This is the story of small business in San Francisco, distilled into one devastating headline. We talk endlessly about supporting local businesses, about preserving the cultural fabric of neighborhoods like the Mission, about how chain stores and empty storefronts are hollowing out the city. Then we watch it happen in real time and shrug.

To be clear: landlords have the right to charge market rent. That's how property works, and we're not about to argue otherwise. But let's also be honest about what's happening here. San Francisco's regulatory environment — sky-high property taxes, byzantine permitting, an unstable commercial landscape — creates enormous pressure on property owners, who then pass that pressure downstream to tenants like El Faro. The city has spent decades making it harder and more expensive to own and operate property, and then acts surprised when legacy businesses get squeezed out.

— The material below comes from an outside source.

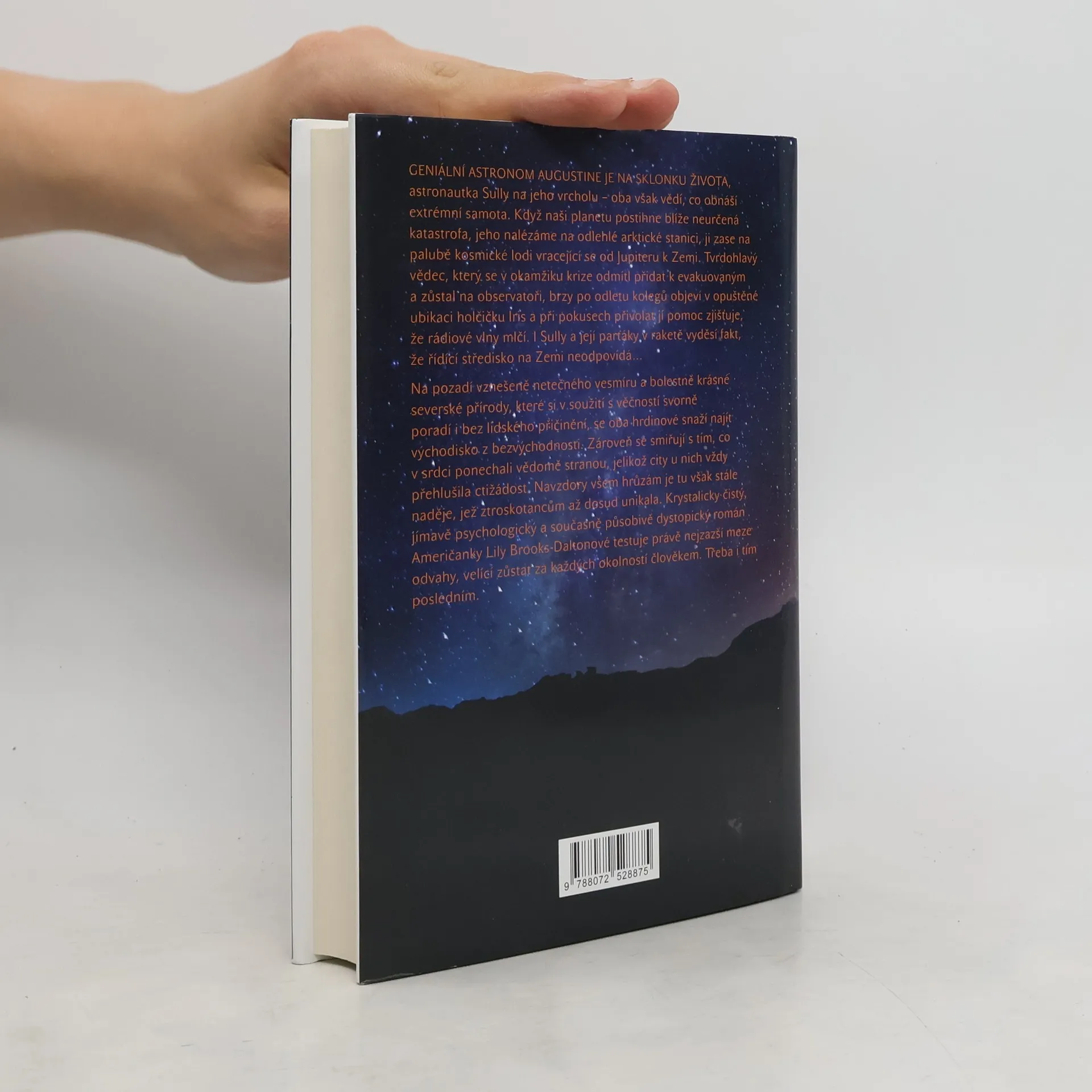Geniální astronom Augustine se nachází na sklonku života, zatímco astronautka Sully je na vrcholu své kariéry. Oba však čelí extrémní samotě. Když planetu postihne katastrofa, Augustine je na odlehlé arktické stanici, zatímco Sully se vrací z Jupiteru na palubu kosmické lodi. Augustine, tvrdohlavý vědec, se odmítl evakuovat a zůstal na observatoři. Brzy po odletu kolegů objeví v opuštěné ubikaci holčičku Iris, ale zjistí, že rádiové vlny mlčí. Sully a její posádka se také obávají, když řídící středisko na Zemi neodpovídá. V netečném vesmíru a krásné severské přírodě se oba hrdinové snaží najít východisko z bezvýchodnosti a smiřují se s emocemi, které potlačili kvůli ctižádosti. Přestože čelí hrůzám, naděje, která jim dosud unikala, stále existuje. Tento román testuje meze odvahy a připomíná, jak důležité je zůstat člověkem. Autorka Lily Brooks-Daltonová žije v Los Angeles a její postapokalyptický román byl adaptován pro Netflix, kde George Clooney ztvárnil postavu Augieho.

Meanwhile, City Hall loves announcing grant programs and "legacy business" registries that amount to little more than a plaque and a press release. El Faro was, in fact, on the Legacy Business Registry. Fat lot of good that did.

If San Francisco actually wanted to keep institutions like El Faro alive, it would focus on making the city cheaper and easier to do business in — for everyone. Lower the regulatory burden. Streamline permits. Stop treating commercial property owners like ATMs. Instead, we get task forces, studies, and ribbon-cutting photo ops while another 65-year-old taqueria puts a "For Sale" sign in the window.

The Mission loses again. And nobody at City Hall will lose a minute of sleep over it.